What’s even stranger is that those very same folks can be involved in these strange but significant times in your life, whether intentional or not, and the ripple effect might very well carry on for years & years afterwards. Like…do you think I WANT to be sitting here writing about a teacher I had in the eleventh & twelfth grade? Hell no! Alright…maybe. It does kind of seem like something I might do – but I’d way rather be writing from a celebratory standpoint rather than trying to work out past traumas in real-time.
It is what it is, as they say. Here goes…
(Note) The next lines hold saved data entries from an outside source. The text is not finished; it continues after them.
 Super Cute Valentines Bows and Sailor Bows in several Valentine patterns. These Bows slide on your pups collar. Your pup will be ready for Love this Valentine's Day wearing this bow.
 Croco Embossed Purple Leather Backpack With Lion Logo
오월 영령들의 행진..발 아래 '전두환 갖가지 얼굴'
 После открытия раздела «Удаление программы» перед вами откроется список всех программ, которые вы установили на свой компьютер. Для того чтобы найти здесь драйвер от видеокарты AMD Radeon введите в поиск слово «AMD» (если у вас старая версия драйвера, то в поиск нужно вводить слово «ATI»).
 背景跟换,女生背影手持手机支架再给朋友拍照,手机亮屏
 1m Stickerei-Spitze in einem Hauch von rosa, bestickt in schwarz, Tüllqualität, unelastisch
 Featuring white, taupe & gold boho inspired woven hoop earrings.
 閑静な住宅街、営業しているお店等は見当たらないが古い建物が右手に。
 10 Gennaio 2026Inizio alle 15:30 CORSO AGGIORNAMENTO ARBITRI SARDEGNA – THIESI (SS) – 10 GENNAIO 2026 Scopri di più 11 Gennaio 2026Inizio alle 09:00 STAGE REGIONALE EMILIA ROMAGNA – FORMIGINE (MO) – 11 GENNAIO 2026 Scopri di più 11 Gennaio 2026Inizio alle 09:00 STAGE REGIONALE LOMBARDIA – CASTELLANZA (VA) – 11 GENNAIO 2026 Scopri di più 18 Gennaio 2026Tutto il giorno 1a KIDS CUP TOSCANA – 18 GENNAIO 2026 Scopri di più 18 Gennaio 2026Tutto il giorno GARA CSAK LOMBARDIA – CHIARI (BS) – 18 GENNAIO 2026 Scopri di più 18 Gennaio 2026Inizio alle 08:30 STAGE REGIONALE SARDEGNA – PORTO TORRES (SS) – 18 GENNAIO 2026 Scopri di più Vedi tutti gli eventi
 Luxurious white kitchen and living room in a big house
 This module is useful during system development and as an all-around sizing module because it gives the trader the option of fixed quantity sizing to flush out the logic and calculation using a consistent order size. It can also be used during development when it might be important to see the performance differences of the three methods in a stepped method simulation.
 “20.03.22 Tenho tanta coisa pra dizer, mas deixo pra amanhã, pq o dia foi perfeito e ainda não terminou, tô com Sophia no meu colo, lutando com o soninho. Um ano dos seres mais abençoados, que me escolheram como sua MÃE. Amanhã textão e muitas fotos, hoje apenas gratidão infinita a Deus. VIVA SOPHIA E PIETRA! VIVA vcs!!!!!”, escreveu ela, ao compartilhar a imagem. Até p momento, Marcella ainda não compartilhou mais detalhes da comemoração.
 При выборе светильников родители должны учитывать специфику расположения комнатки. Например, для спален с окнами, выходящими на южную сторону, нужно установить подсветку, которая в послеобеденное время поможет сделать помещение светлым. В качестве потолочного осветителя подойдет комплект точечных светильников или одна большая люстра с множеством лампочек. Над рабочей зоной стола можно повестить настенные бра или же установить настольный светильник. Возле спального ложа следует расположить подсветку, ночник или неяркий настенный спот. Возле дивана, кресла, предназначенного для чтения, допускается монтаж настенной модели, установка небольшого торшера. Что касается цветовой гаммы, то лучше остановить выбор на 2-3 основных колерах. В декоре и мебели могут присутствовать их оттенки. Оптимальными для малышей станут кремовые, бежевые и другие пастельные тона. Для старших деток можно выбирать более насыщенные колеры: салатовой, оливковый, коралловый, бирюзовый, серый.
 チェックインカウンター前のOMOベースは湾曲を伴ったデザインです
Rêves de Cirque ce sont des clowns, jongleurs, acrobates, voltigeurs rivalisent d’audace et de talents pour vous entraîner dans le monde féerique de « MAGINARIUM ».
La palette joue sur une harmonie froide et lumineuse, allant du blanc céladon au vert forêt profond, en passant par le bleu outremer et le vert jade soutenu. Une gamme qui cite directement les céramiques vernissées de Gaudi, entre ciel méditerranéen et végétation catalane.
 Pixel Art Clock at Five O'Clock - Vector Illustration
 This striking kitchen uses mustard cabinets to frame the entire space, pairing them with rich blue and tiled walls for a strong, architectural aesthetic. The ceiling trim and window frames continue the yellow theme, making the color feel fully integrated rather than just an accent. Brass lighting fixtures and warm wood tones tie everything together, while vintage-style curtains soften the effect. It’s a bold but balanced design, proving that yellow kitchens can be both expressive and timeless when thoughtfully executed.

The grade eleven experience with Mr. Olding and the English class he taught was good enough for me to know I wanted more of what he had to say…other than that, it’s pretty much a blur. Admittedly, I wasn’t doing all that great as a student overall, but thankfully English came naturally to me. So for one class, I was able to relax, and I didn’t have to try my hardest in order to just keep up & get a passing grade. In English, I could excel without much effort – and that was definitely something Mr. Olding had noticed. I can specifically remember him asking me to stay after class for a moment so that he could talk to me about something one day, and without even thinking twice, I simply headed out of class when the bell rang. It wasn’t anything massively important, and the next time I had his class he reminded me that he had asked me to stay behind, then laughed about what a space cadet I could be. He wasn’t wrong. I wasn’t trying to duck responsibility by leaving, I wasn’t even in any trouble – I was just absent minded. “The teachers and I call you the accidental genius,” he said. I was far from that assessment, but with even 10% effort, I could have taken a high B straight to an A+ in English if I felt so inclined, which I didn’t.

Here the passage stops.